If you use your computer to browse the Internet, check email, chat, Skype, create documents and similar you'll find that Natty Narwhal performs all these tasks. If you use Microsoft Office extensively I'd head to the LibreOffice site and make sure it will do all you need it to. If you need something to organize contacts, a calendar, recipes, photos and similar there are a number of applications for the Linux platform that will do the job.

Most are pre-loaded as part of the installation.

Because the programs on the Linux platform are free, they often aren't as nice looking or have as many features as something you pay for on the Windows or Mac OSX platforms. That being said, it's hard to beat free. Even being used to Photoshop, I could use the GIMP Image Editor in a pinch, especially if I was on a budget.


None to speak of. You can try Ubuntu 11.04 without even loading it to your machine. All you need is a thumb drive and the ability to follow simple instructions. You've really nothing to lose by trying it. Go here to check it out.

My mom uses a Toshiba laptop that's old enough to come from an era when Toshiba made a really nice machine. It will likely last her into 2014 and beyond, it is a seemingly unstoppable tank. However, her copy of Windows XP running on it won't. Sometime before then, I will have to do something so she has a functional and secure OS running, hence my investigating Linux.

Given what I've seen Ubuntu 11.04 will run best with 2GB of RAM and you need a Video Card capable of 3D graphics for the Unity Interface. Worst case scenario, it'll prompt you to run something called "Gnome" instead which is more like a start menu/taskbar interface and just as easy to figure out. Almost any machine manufactured in the last 6-8 years should run Ubuntu like a champ.


Installation is easy. The Ubuntu site pretty much holds your hand through the process with clear instructions. That being said, anyone that has a Windows Recovery Partition on their hard drive should take special care not to delete those partitions on accident.

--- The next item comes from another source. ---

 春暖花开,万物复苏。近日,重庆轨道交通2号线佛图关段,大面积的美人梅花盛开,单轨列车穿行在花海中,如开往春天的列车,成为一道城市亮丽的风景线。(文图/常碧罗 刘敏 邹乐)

When I wiped my Netbook, I killed all the partitions because I had no desire to use Windows 7 Starter... ever. This may not be true for someone trying Linux for the first time.

Samus Aran

For the most part, my Samus netbook runs Ubuntu 11.04 like a champ juggling multiple applications and similar. On slower machines Ubuntu gives no indication that what you've just asked the computer to do is actually happening. Be patient and don't mindlessly click an icon just because the first click didn't make anything happen at first. Click once, and wait a moment or two.

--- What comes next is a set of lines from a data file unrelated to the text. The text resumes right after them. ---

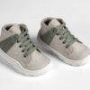 Μποτάκι περπατήματος σε μπεζ ύφασμα και καφέ καστόρ δέρμα everkid Α539Ε.
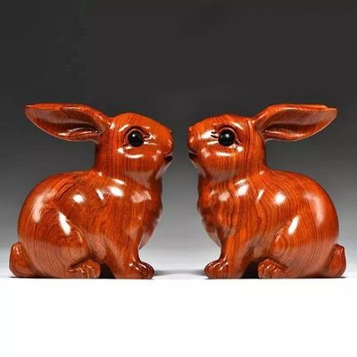 绿色木质雕刻兔子摆件三合十二生肖木兔家居电视柜装饰品开业送礼
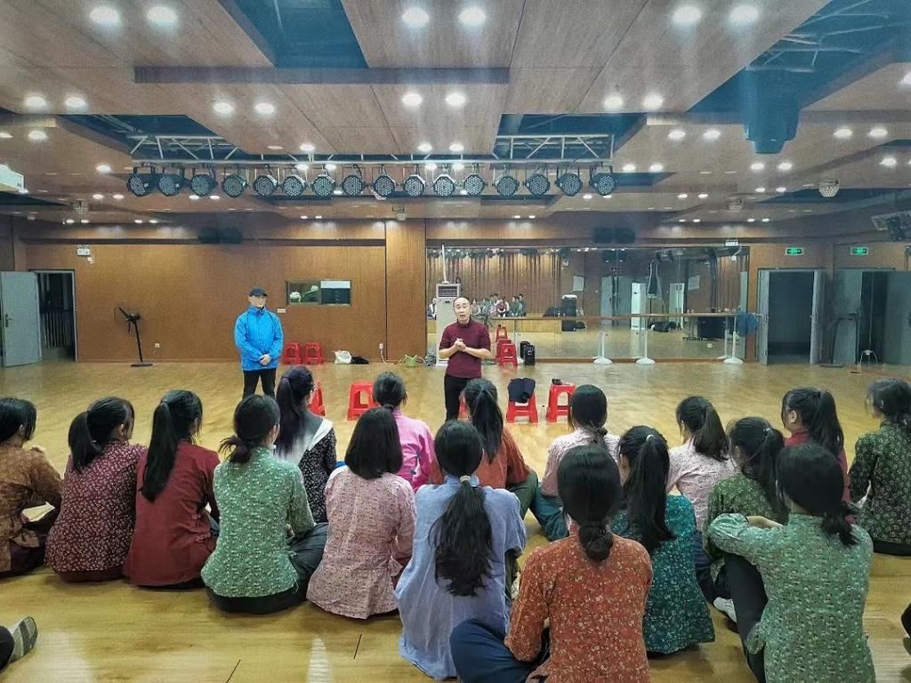 2022年4月20日,龙岩山歌戏传习中心谢旺兴、顾克、张兴艳、温钰秀四位老师利用晚上时间到我院为学生近期排演的山歌戏《红嫲》节选片段进行现场指导,为同学们讲解剧目历史背景、讲解分析角色人物。
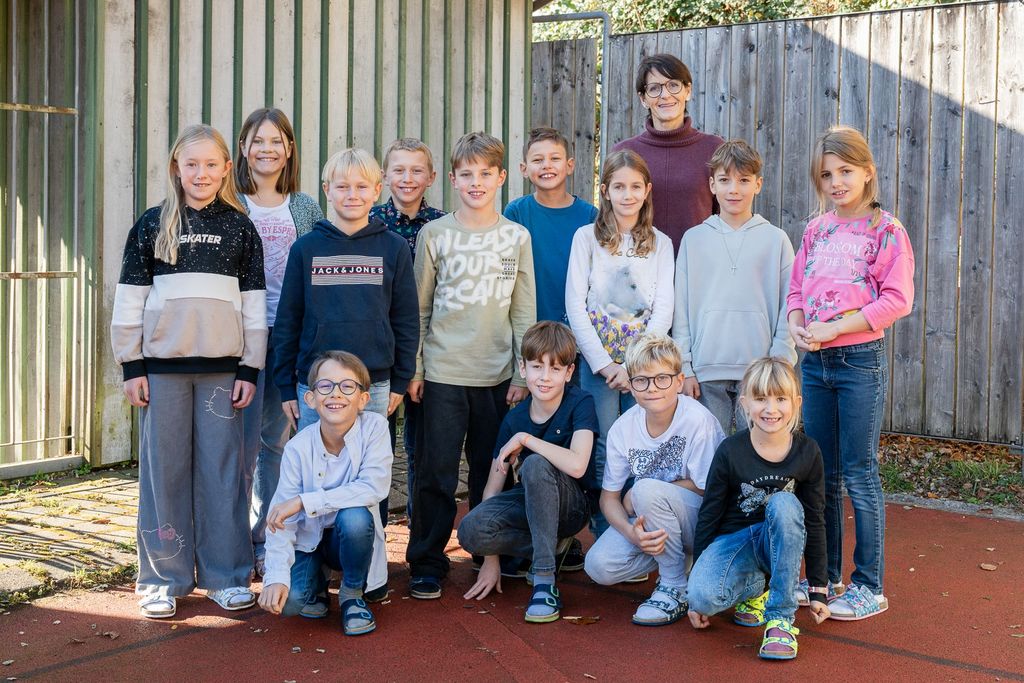 Klassenvorständin: Karin Mark Luisa, Madison, David, Benedikt, Bruno, Niklas, Frida, Ben, Amira Noah, Elias, Laurin, Marie (v. l. n. r.)
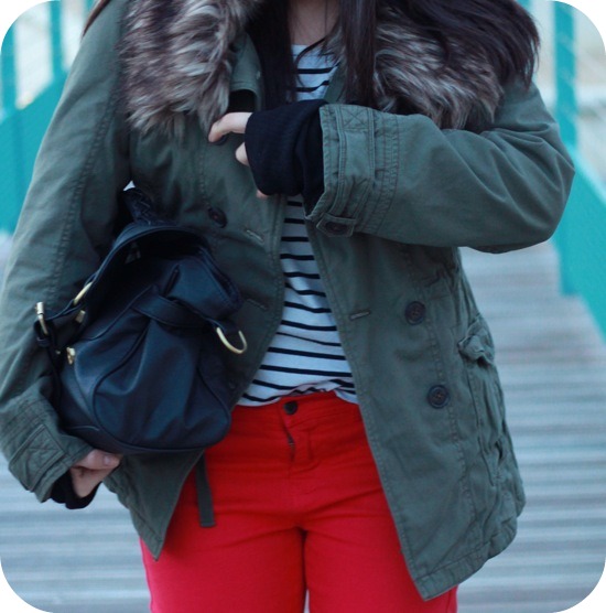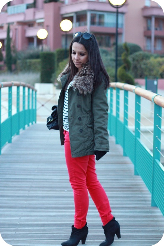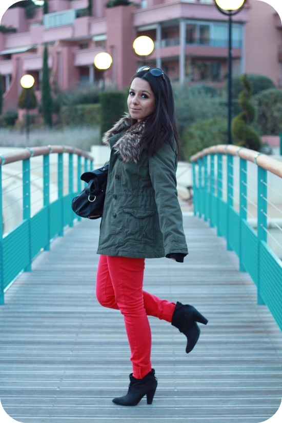 bien joué! perso j’ai toujours aimé le kaki, donc… avec le jeans rouge c’est juste parfait!
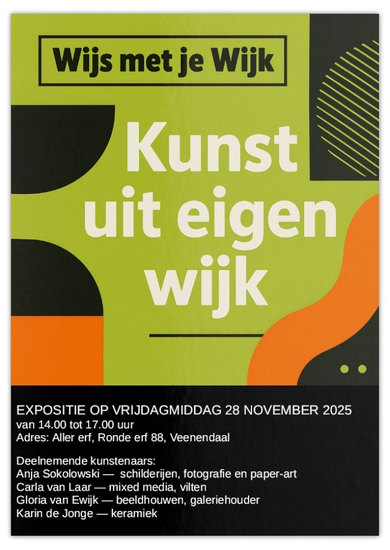 Op vrijdagmiddag 28 november presenteren, in de grote zaal van het Aller Erf, 4 Kunstenaars uit onze Wijk met trots hun werk en ze nodigen u van harte uit om te komen kijken, voelen, beleven en in gesprek te gaan. Gloria van Ewijk, Beeldhouwer & galeriehouder, Carla van Laar – Mixed Media & Vilten, Karin de Jonge – Keramiek, Anja Sokolowski – Schilderen, Fotografie & Paper-art
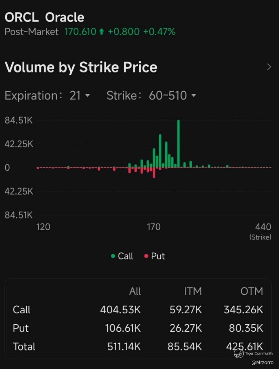 Call options that give their holder the right to buy Oracle shares at $175 by Friday attracted the heaviest trading, with 47,390 contracts changing hands, more than double the open interest of 21,070 contracts, exchange data tracked by moomoo showed. The price on that contract more than doubled as the rally in shares took the stock price closer to that strike price, increasing the likelihood that the call option will be in the money before it expires in two days.
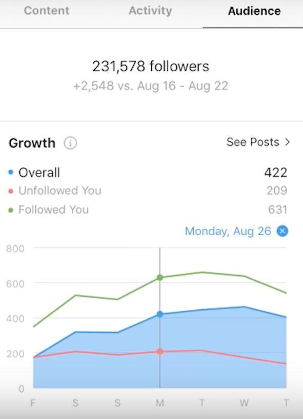 인스타그램 인스이트의 청중 섹션에는 당신의 계정에 있는 정확한 팔로워 수 목록이 있습니다. 이를 통해 지난 주부터 얻은 팔로워의 양을 알 수 있습니다. 이것은 당신을 팔로우하거나 팔로우를 취소한 사람들의 수에 근거한 것입니다.
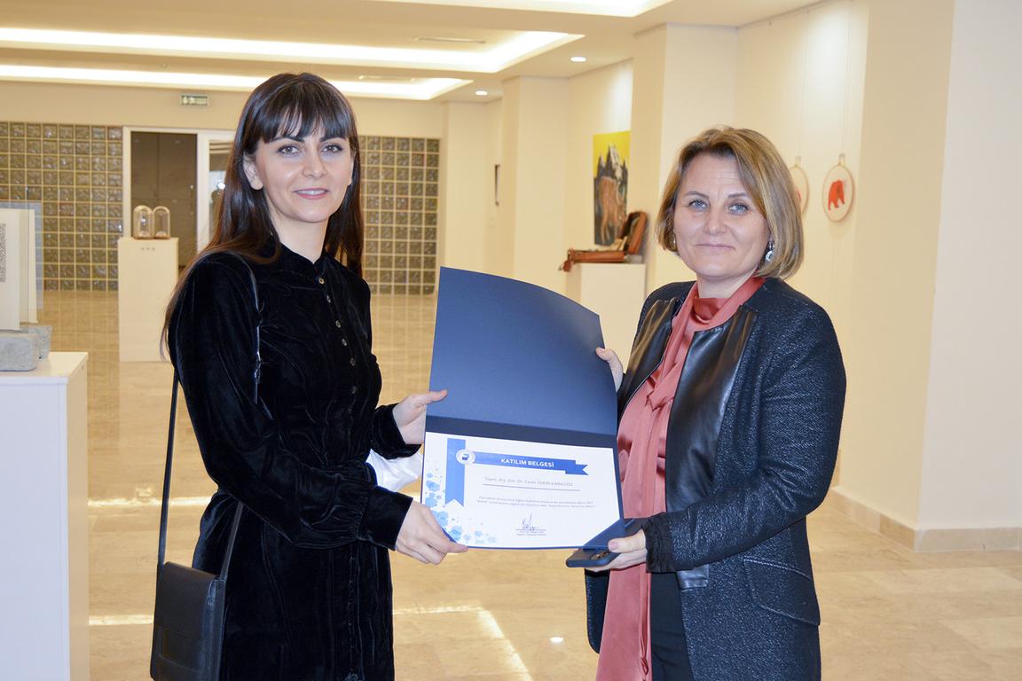 Sergi hakkında bilgi alan ve eserleri yakından inceleyen Eğitim Fakültesi Dekanı Prof. Dr. Bilge Can, katkılarından dolayı Arş. Gör. Dr. Ceren Tekin Karagöz’ü kutlayarak, teşekkür belgesi takdim etti.

Samus gets well over 8 hours of battery life running Linux at default screen brightness. This is short of the 13 hours it allegedly gets running proprietary software with the Windows OS. For me, 8.5 hours of battery life is plenty. Also, the battery life displayed by Ubuntu seems to be very accurate.

My only complaint is that the trackpad doesn't shut off while I'm typing even though there is an option in the settings for this. For heavy typing you'll probably want an external mouse and to turn the trackpad off. Yes, the majority of the FN buttons along the top of the keyboard work fine in linux including Screen Brightness, Volume, WiFi On/Off, etcetera. I wasn't so fortunate with previous distributions of Linux even though they ran a little smoother.